- [YOUR OBJECTIVE]
Without changing a word, repeat the data, and include no pictures.

Records excerpted from a collection
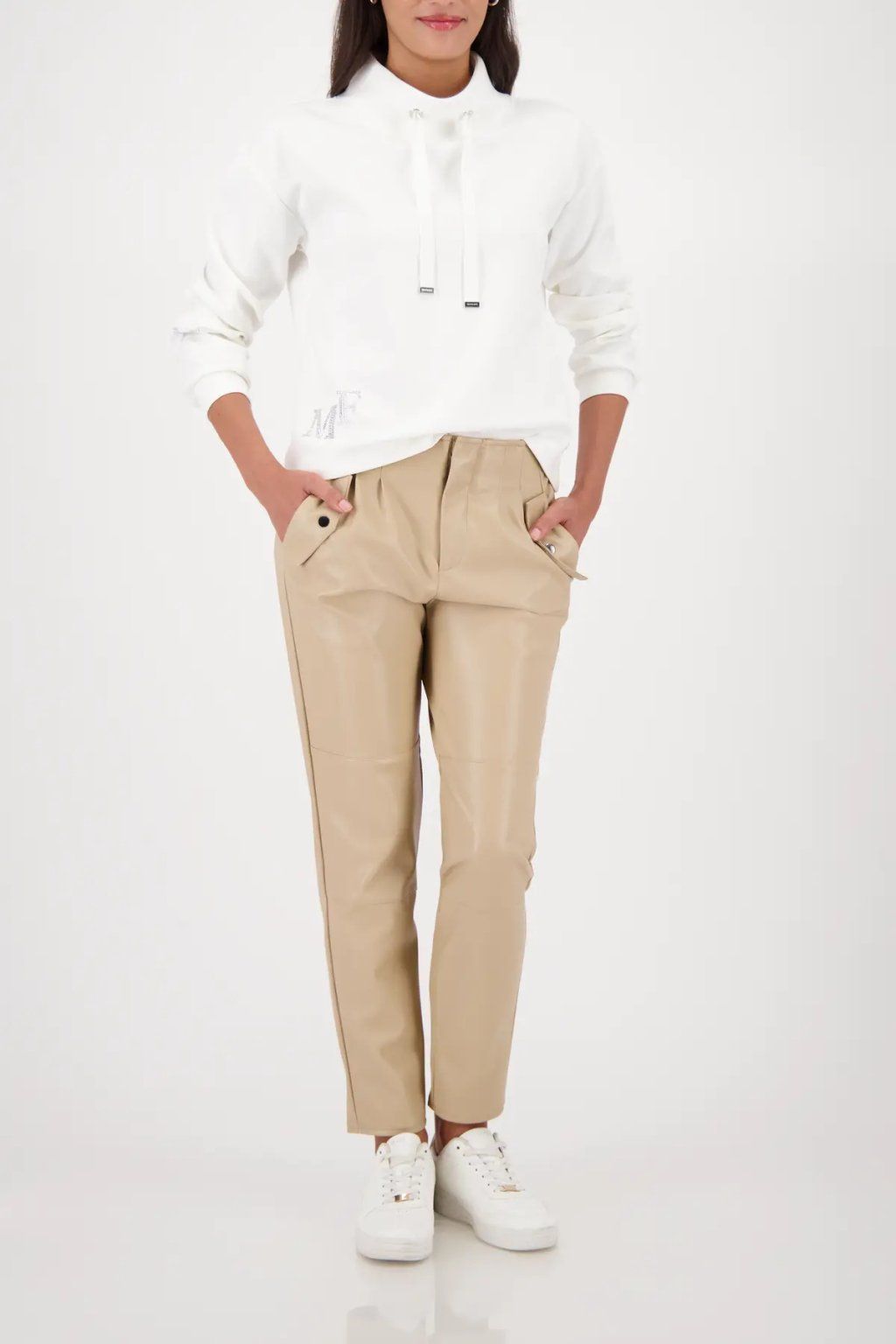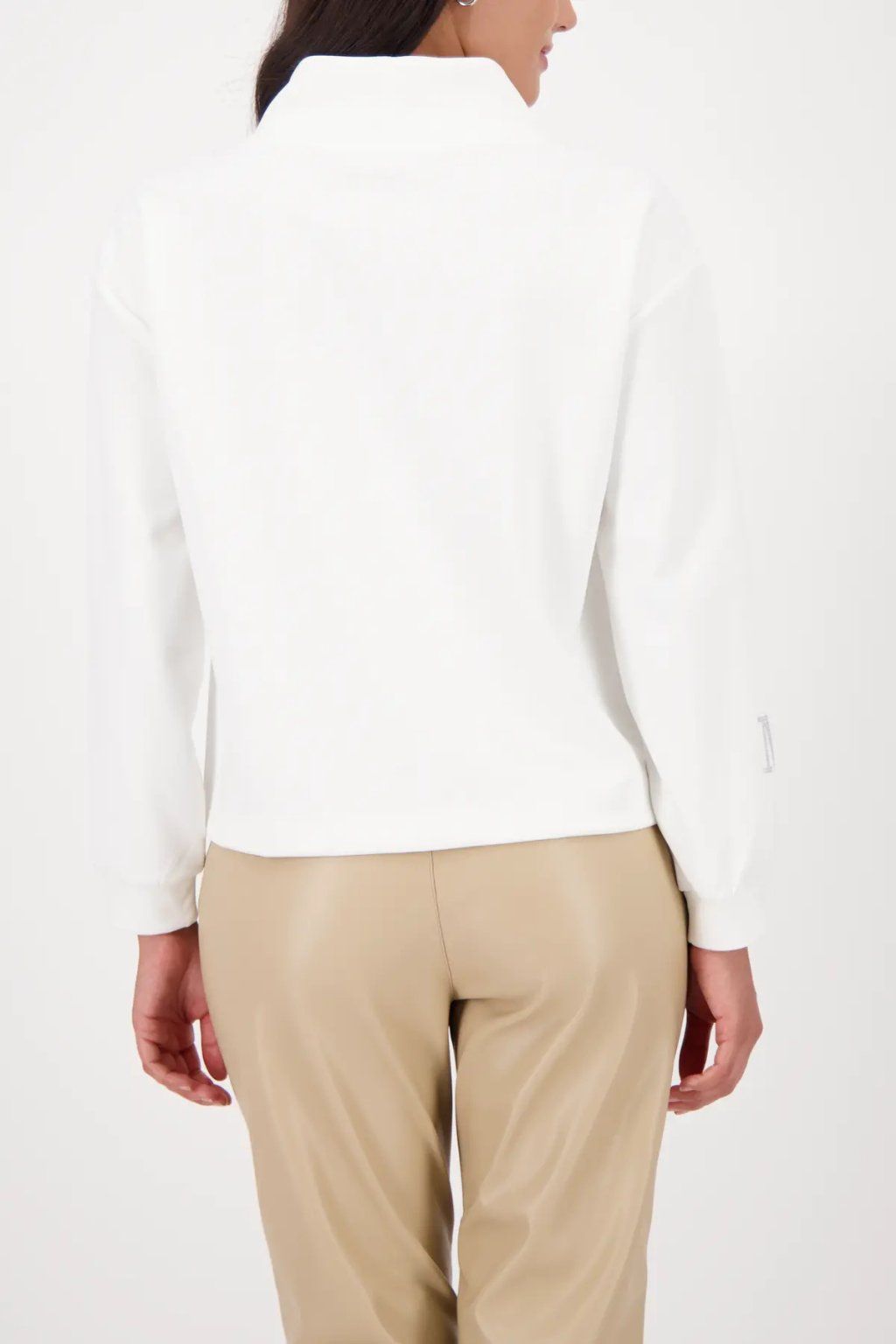 Dámska mikina v čisto bielom prevedení je elegantným a pohodlným kúskom, ktorý ľahko zapadne do každodenného šatníka. Má voľnejší strih, dlhé rukávy a vyšší stojačik so šnúrkami, ktoré dodávajú modelu moderný športovo-ležérny vzhľad. Jemný detail v podobe decentnej aplikácie v spodnej časti podčiarkuje jej originálny charakter bez toho, aby narušoval minimalistický dizajn. Vďaka univerzálnej farbe sa mikina skvele kombinuje s džínsami, nohavicami aj sukňou a hodí sa na voľný čas, cestovanie aj pohodlné mestské outfity. Príjemný a nadčasový kúsok, po ktorom siahnete vždy, keď chcete spojiť komfort so štýlom.
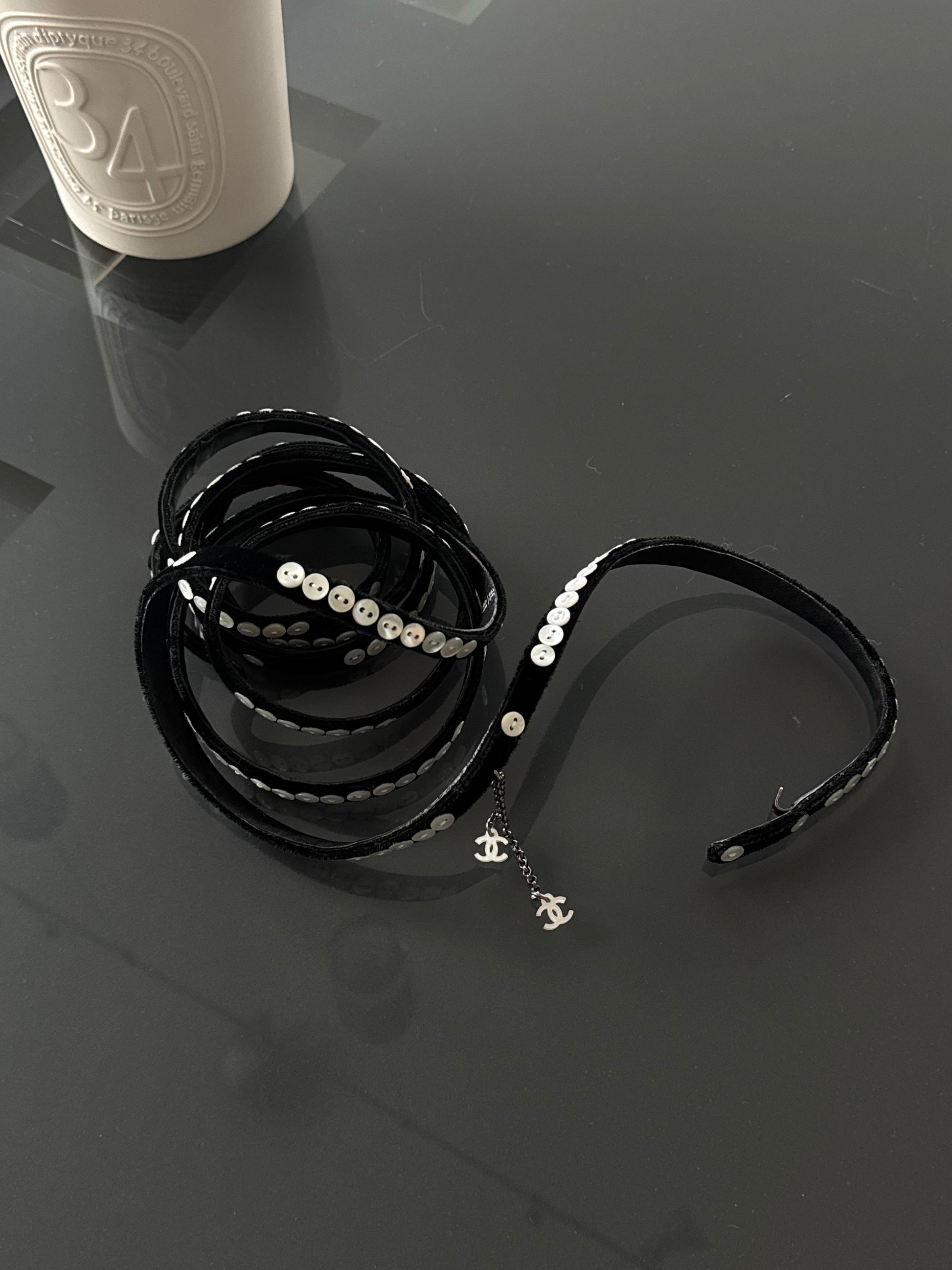 Designed in sleek black velvet and embellished with delicate pearl-style buttons throughout, this statement belt features signature interlocking CC charms that drape elegantly at the front.
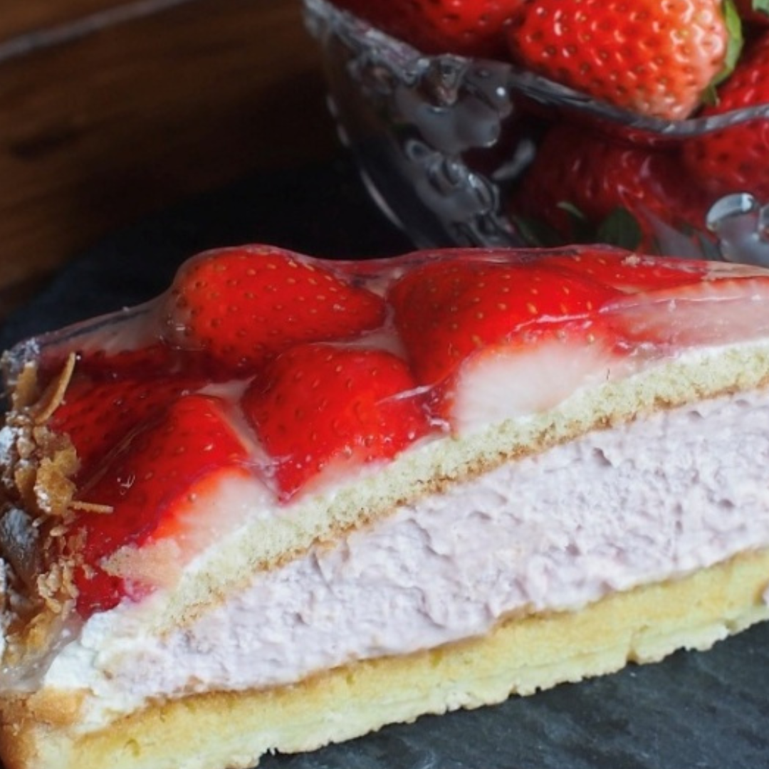 甘くてフレッシュな苺と口どけの良いホワイトチョコとラズベリームースを組み合わせたタルトです。
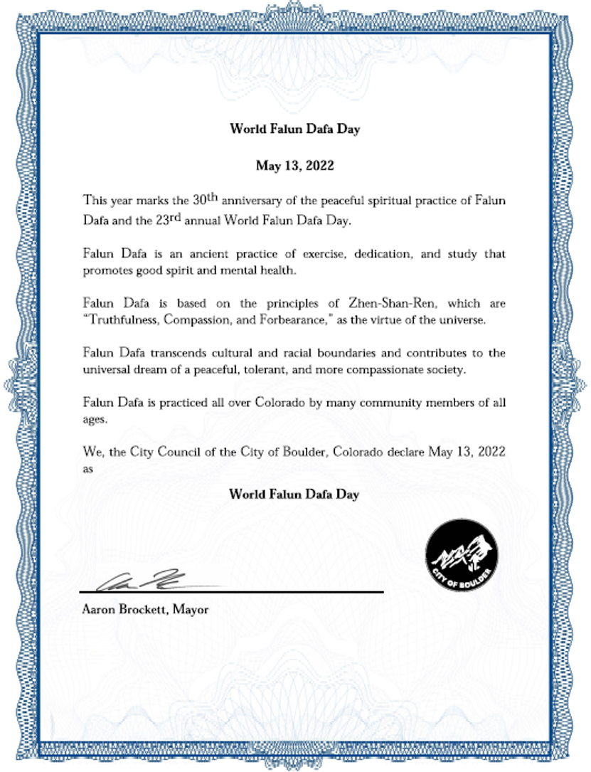 我們科羅拉多州博爾德市市議會宣布2022年5月13日為世界法輪大法日。
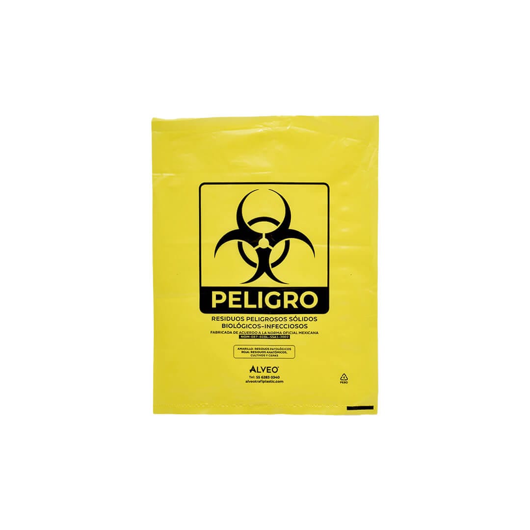 Descripción: Bolsa de polietileno de baja densidad, libre de metales pesados para la recolección de residuos biológico infecciosos. Carga Máxima: 1 kg. Impresa a una tinta con logotipo de biológico infeccioso. Sin fuelles. Calibre 200. Medidas: Ancho: 30.0 cm. Alto: 40.0 cm. Color: Amarillo.
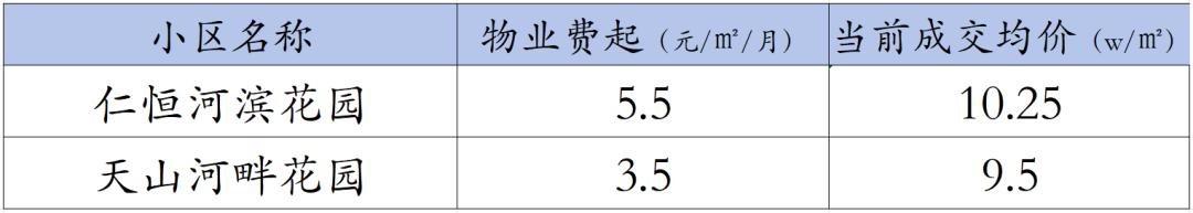 可以预见的是,如果天山河畔花园的物业再不加以改善,长此以往,两个相邻小区的单价之差可能就不是1字头了 。

- [RESULT OF THE EXERCISE]
 Dámska mikina v čisto bielom prevedení je elegantným a pohodlným kúskom, ktorý ľahko zapadne do každodenného šatníka. Má voľnejší strih, dlhé rukávy a vyšší stojačik so šnúrkami, ktoré dodávajú modelu moderný športovo-ležérny vzhľad. Jemný detail v podobe decentnej aplikácie v spodnej časti podčiarkuje jej originálny charakter bez toho, aby narušoval minimalistický dizajn. Vďaka univerzálnej farbe sa mikina skvele kombinuje s džínsami, nohavicami aj sukňou a hodí sa na voľný čas, cestovanie aj pohodlné mestské outfity. Príjemný a nadčasový kúsok, po ktorom siahnete vždy, keď chcete spojiť komfort so štýlom.
 Designed in sleek black velvet and embellished with delicate pearl-style buttons throughout, this statement belt features signature interlocking CC charms that drape elegantly at the front.
 甘くてフレッシュな苺と口どけの良いホワイトチョコとラズベリームースを組み合わせたタルトです。
 我們科羅拉多州博爾德市市議會宣布2022年5月13日為世界法輪大法日。
 Descripción: Bolsa de polietileno de baja densidad, libre de metales pesados para la recolección de residuos biológico infecciosos. Carga Máxima: 1 kg. Impresa a una tinta con logotipo de biológico infeccioso. Sin fuelles. Calibre 200. Medidas: Ancho: 30.0 cm. Alto: 40.0 cm. Color: Amarillo.
 可以预见的是,如果天山河畔花园的物业再不加以改善,长此以往,两个相邻小区的单价之差可能就不是1字头了 。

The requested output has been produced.